Unfortunately Bostock flattered only to deceive and could not maintain his form and he soon fell out of contention and eventually drifted into obscurity in Belgium where he remains to this day.

Being a half-empty kind of guy I’m going to concentrate on some other eventual failures – players who began like worldbeaters and blazing meteors but for a variety of reasons soon blew themselves out and became damp squibs who never really made the impact that had at one time had looked likely or even inevitable.

So where shall we start?

How about with Andy Woon, a tall, powerful and raw long-haired striker who arrived from non-league Bognor Regis and was soon thrown into the deep end and asked to inspire and reinvigorate a toothless Brentford team on its inevitable and irrevocable journey towards relegation. Stan Webb had already proved beyond doubt that he was not an adequate replacement for the departed John O’Mara, and Woon made history and an instant impact when he became the first Brentford player to score a hat trick on his debut in a totally out of the blue five-goal thrashing of a listless Port Vale team.

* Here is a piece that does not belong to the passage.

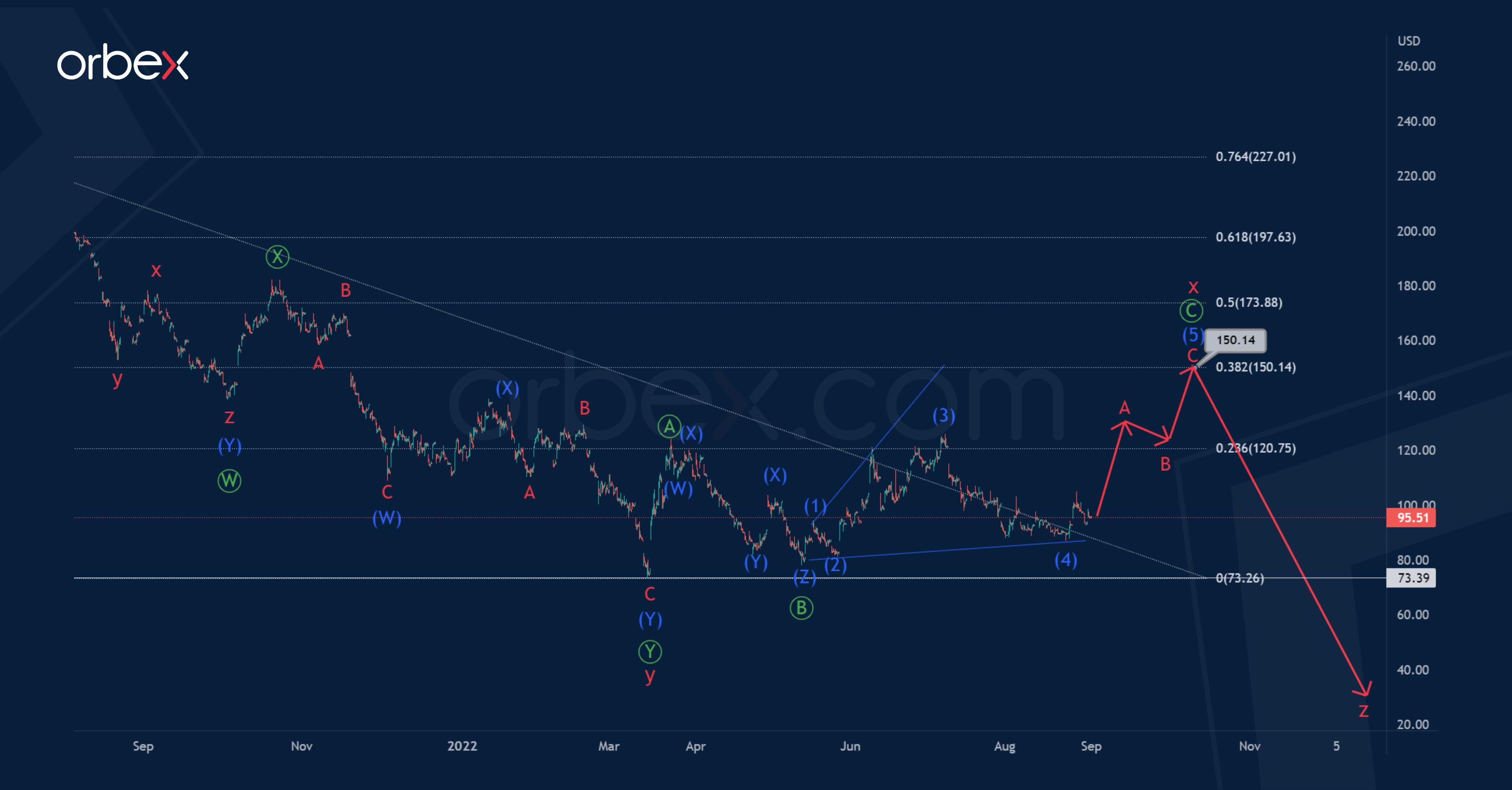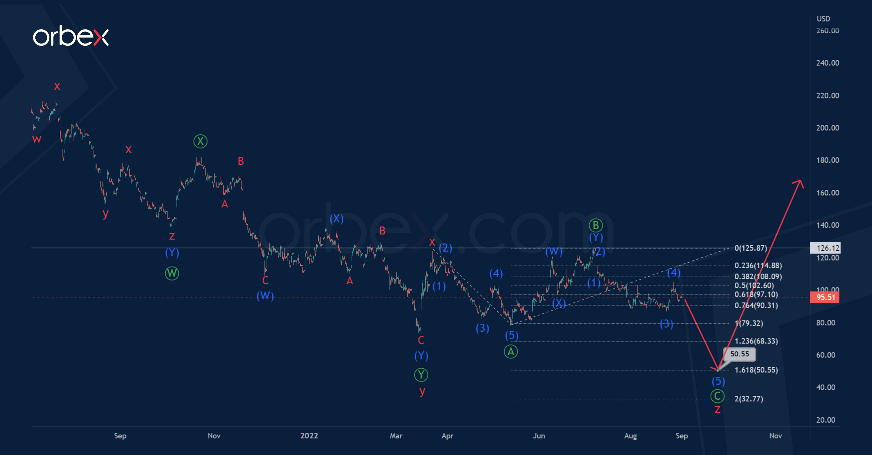 BABA suggests the formation of a bearish corrective trend, which takes the form of a cycle triple zigzag w-x-y-x-z.

Nobody could be expected to keep up that type of form and Woon inevitably suffered from unreasonably raised expectations. Andy hung around for a couple of seasons, even scored a few more goals but he never threatened to repeat the magic he displayed on that unforgettable afternoon in February 1973 when he looked like an absolute world beater and everything he hit went in.

Richard Poole became the second youngest ever Brentford player when he made his debut at the age of sixteen years and five months. The crowd took to him straight away as he was a local boy who was playing for the team he had always supported and his coltish enthusiasm did much to inspire the Bees to pull away from the bottom of Division Four.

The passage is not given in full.